Favoriser l’interaction est primordial pour le professeur qui entrecoupe régulièrement son cours de séances de discussions et de questions, tout en instillant des touches d’humour pour détendre l’atmosphère. «Je demande s’il y a un ou une volontaire pour répondre et si personne ne s’annonce, je prends quelqu’un au hasard, mais cela se fait dans une ambiance très relax. Il est important d’échanger avec les autres, car c’est très différent de penser savoir quelque chose et de l’enseigner. Lorsque vous en parlez, vous prenez tout de suite conscience de ce que vous savez et ignorez.» Le professeur tient à ce que les étudiants visualisent les concepts, se les approprient pour ensuite mieux jongler avec. «Je favorise la compréhension sur la mémorisation, c’est pourquoi je ne propose pas d’examen à choix multiple mais des questions ouvertes avec toute la documentation à disposition.»
Bruno Correia n’est pas devenu médecin, mais aujourd’hui, il reconnaît qu’il a tout de même rempli son objectif, au-delà de ses recherches intimement liées à la médecine. «On a dû me le dire pour que j’en prenne conscience, mais c’est vrai qu’en tant que professeur, nous avons le pouvoir de former les futurs acteurs de notre société, de les doter d’un esprit critique pour qu’ils sachent prendre des décisions éclairées et participer à l’amélioration du monde dans lequel on vit. Finalement, c’est ce qui importe non ? Même si parfois j’ai peur que la ‘bulle académique’ dans laquelle nous sommes biaise notre vision du monde.»

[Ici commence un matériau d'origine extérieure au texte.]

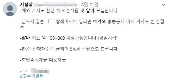 SNS에 올라와 있는 해외 카지노 환전 아르바이트 구인 광고. (사진=SNS 캡처)

Ainsi, le chercheur ne regrette pas une seule seconde son choix d’une carrière académique. «L’EPFL est un endroit extraordinaire, avec des infrastructures exceptionnelles. J’ai vécu longtemps aux Etats-Unis et si en Suisse la mentalité est moins au ‘go and do it’, lorsque vous désirez vraiment faire quelque chose, vous en avez les moyens si vous en avez la volonté, sans compter la balance entre vie professionnelle et privée qui est bien plus équilibrée.» Ce père de deux filles, âgées de 4 et 7 ans, a enfin l’impression de pouvoir être plus présent pour sa famille. Il présente seulement une pointe d’amertume lorsqu’il évoque l’égalité des genres. «Je me rends compte à quel point le monde est dur pour les femmes et j’essaye vraiment d’être attentif aux questions d’égalité des genres, y compris dans mes cours, puisque beaucoup de problèmes d’égalité commencent dans les salles de classe.»